Grief Season

When October rolls around and the nights are dark so quick that it takes me by surprise, I know to watch for the signs. Grief season in our household can begin early some years. October is the earliest it has begun-sometimes it’s as late as December-but with the changing of the season, our bodies start reminding us that they’re keeping the score. Deep losses leave behind pretty loud echoes. Bodies get extra tired, have a little less bandwidth, crave comfort over challenge. It’s a time for settling in for the journey. The only way out is through.

This holiday season we remember a mother and two grandmothers, gone 8 years, 12 years, and 1 year, respectively. No matter how long it has been since we hugged them last, there is still a remembrance that we feel bodily.

There’s always a dissonance when your loss-anniversaries fall near holidays. There are so many reasons to jump into the cozy, fun, and beautiful, joyful parts of the season, but there is always the undercurrent of grief.

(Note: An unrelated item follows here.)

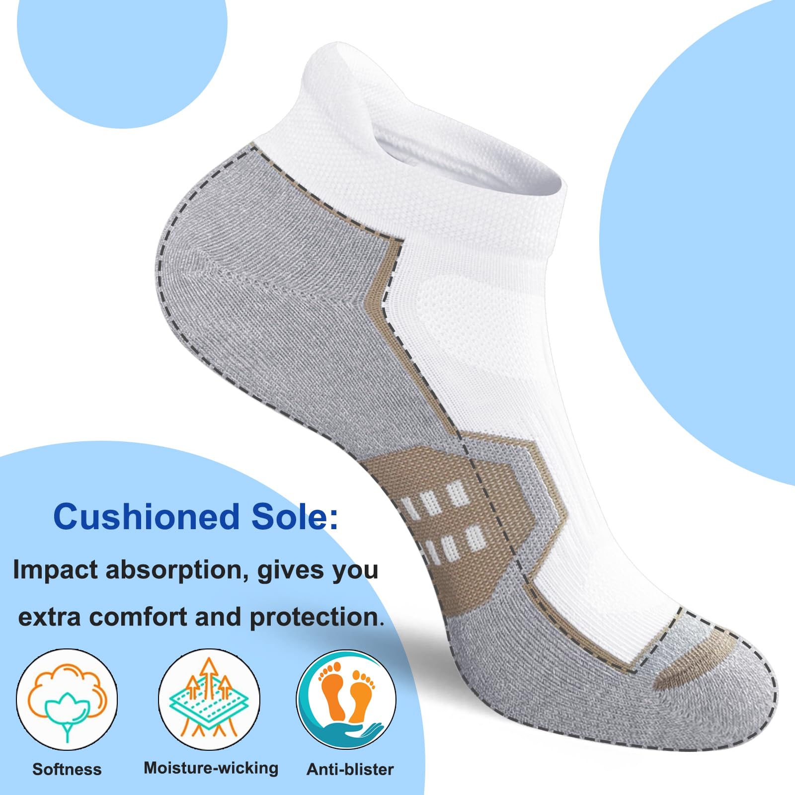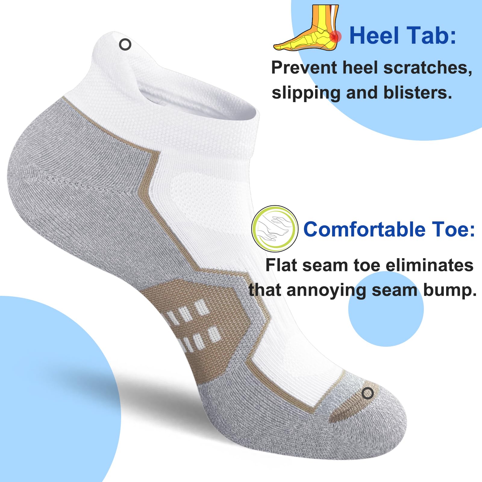 【Heel Tab & Flat Seam Toe】These womens socks with padded tab that prevent socks from slipping off and protect your ankles from blisters. Flat seam toe eliminates that annoying seam bump. Perfect for running, sports, hiking, climbing, cycling and everyday wear.

I wish, sometimes, that I’d inherited a tradition of remembrance like Day of the Dead-a way to bring to the forefront the losses we’ve experienced in the community of our families, a structure to help us move through the mourning. Those practices of grief help, I think, and serve as markers in a journey that lasts a lifetime. They are a part of the stories we live inside of, the ones that allow us to look at grief safely and look ahead with hope and courage.

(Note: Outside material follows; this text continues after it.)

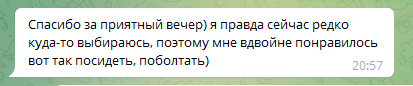 В целом вечер выдался хорошим. Очень дешёвое обратное такси кстати , в районе 230 рублей Но без калика конечно сложнее , не понятно куда нагонять девочек. Он служит как базовая точка. Вокруг него обычно бабы даже сами бывает нагоняются. Либо должен быть стол с бухлом, но это дороже выйдет. Да хоть что нибудь, нищебродные выходы какие то унылые. Но всё лучше, чем если я просто бы остался дома. Лайфстайл нужно поддерживать. Даже просто общаться со "Снежанами" это прикольные эмоции , я там такие легенды ей вешал, просто уржаться можно Говорит - Ты чё пикапер, решили тут меня на МЖМ развести ( я такой сразу, опааа, девчёнка в теме ну это наш пассажир) . Я говорю что тренер по пикапу, сначала родился я, потом пикап (эту фразу я кстати вспомнил из какого то видео кейса по знакомствам). Говорю детка , твои родители случайно не хлеб? Тогда откуда у них такая крошка Сказал что включу эту открывашку в свою пикап программу за 50 тыщ. (делайте предзаказы поцаны )

And so, I suppose this year I’m acknowledging our need for that kind of practice. I’m not sure what it looks like just yet, but I do think it would help. Until we figure out at least the edges of those rhythms, we’ll stick to the basics: prioritizing sleep, exercise, rest, journaling (for me), and connection. We’ll take care of these bodies as they help our hearts remember the ones we loved the most. We’ll tell their stories, even if they make us cry.

May we move with the Prince of Peace through the deep waters. May we move through the deep waters with Love as our Remembrance.